Моим убийцей, как выяснилось, был один из участников восстания в Москве левых эсеров, бывший командир отряда ВЧК Дмитрий Попов, который после разгрома восстания нашел себе прибежище у Махно. Узнав о моем приезде в Екатеринослав, Попов якобы посоветовал батьке убрать меня, или, как выражались махновцы, "украсть". Но тот заупрямился. Ему не хотелось из-за какого-то Косачевского осложнять и без того неважные отношения с большевиками, дивизии которых в хвост и в гриву гнали деникинцев. Тогда Попов решил обойтись без батьки. Когда Косачевский возвращался в Киев, в его вагон ворвалось несколько махновцев...

Расстреляли меня на каком-то полустанке, недалеко от насыпи железной дороги.
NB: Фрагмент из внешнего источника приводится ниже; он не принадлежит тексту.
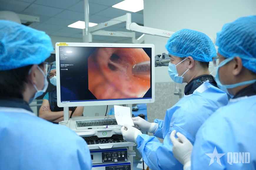 The technical team from the Respiratory Center, Military Hospital 103, performed the EBUS-TBNA technique to diagnose causes of mediastinal lymph node enlargement under the guidance and support of Japanese experts.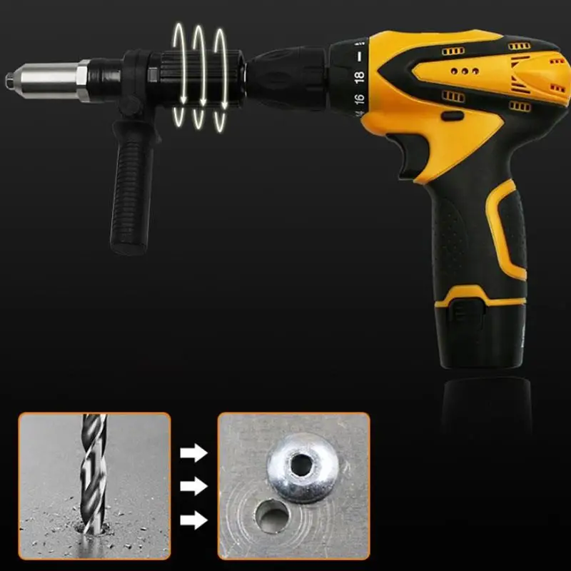 Адаптер с заклепками позволяет быстро превратить электросверлильный станок в пистолет с заклепками, что является практичным и удобным в использовании.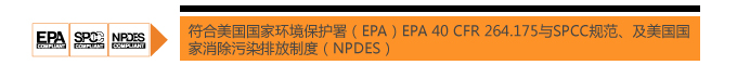 認證/規范 | 符合美國環境保護署(EPA)EPA 40 CFR 264.175與泄漏預防和控制法案(SPCC)規范、及美國消除污染排放制度(NPDES) |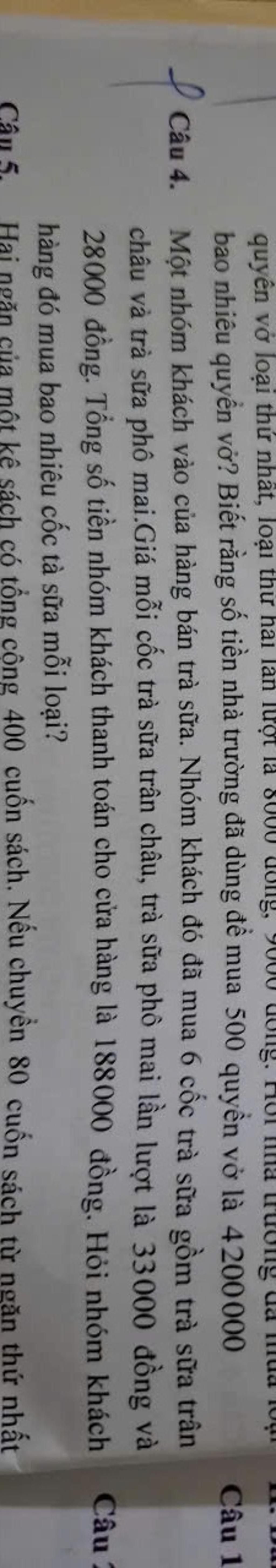 Vậy số cốc trà sữa trân châu và trà sữa phô mai nhóm khách hàng đã mua lần lượt là `4` cốc và `2` cốc.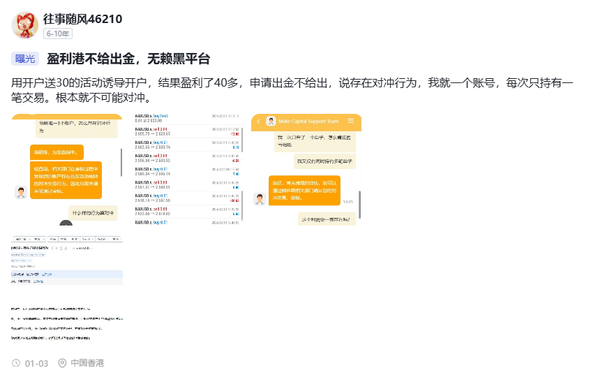 根据网络公开投诉,有用户反馈该平台存在 无法出金 的情况。这类问题是典型的高风险交易平台特征,意味着平台可能存在资金链问题,或有意通过技术手段阻碍提现操作,甚至存在诈骗嫌疑。

За исключением того, что перед смертью я запел "Интернационал", все выглядело довольно достоверно, тем более, что на совести Попова было немало подобных дел. Но "Интернационал" - это уж слишком.
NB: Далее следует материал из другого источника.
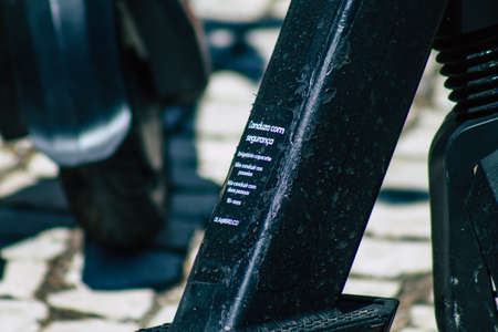Lisbon Portugal july 25, 2020 View of unidentified people rolling with an electric scooter in the streets of Lisbon, operating with a small utility internal combustion engines and a deck in the center

- Ты же знаешь, что у меня никогда не было ни слуха, ни голоса.

- Что? - Зигмунд остановился, недоумевающе посмотрел на меня. - Ну, знаешь... в такой ситуации иногда появляются и слух и голос. - Он снял пенсне, протер стекла. - Никак не ожидал, что увижу тебя. А ты вот... Даже пощупать можно. Чудеса!

- Еще поцелуемся? - поинтересовался я.

- Иди к чертовой матери!

"К чертовой матери"... Прогрессом не назовешь, но все-таки некоторый сдвиг.
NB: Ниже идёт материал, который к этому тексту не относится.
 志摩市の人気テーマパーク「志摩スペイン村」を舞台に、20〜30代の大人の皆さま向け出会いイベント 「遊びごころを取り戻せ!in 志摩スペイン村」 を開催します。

- А ты, оказывается, время зря не терял. Еще что-нибудь освоил?

Он засмеялся:

- О тебе на прошлой неделе Ермаш справлялся. Я ему сказал, что тебя уже давно нет в живых.

Фамилия ничего мне не говорила.

- Кто такой?

- Начальник Центророзыска.

- Ермаш... - После сыпного тифа, который свалил меня в Новозыбкове, память мне порой отказывала, но фамилии я все-таки запоминал неплохо. - Где он раньше работал?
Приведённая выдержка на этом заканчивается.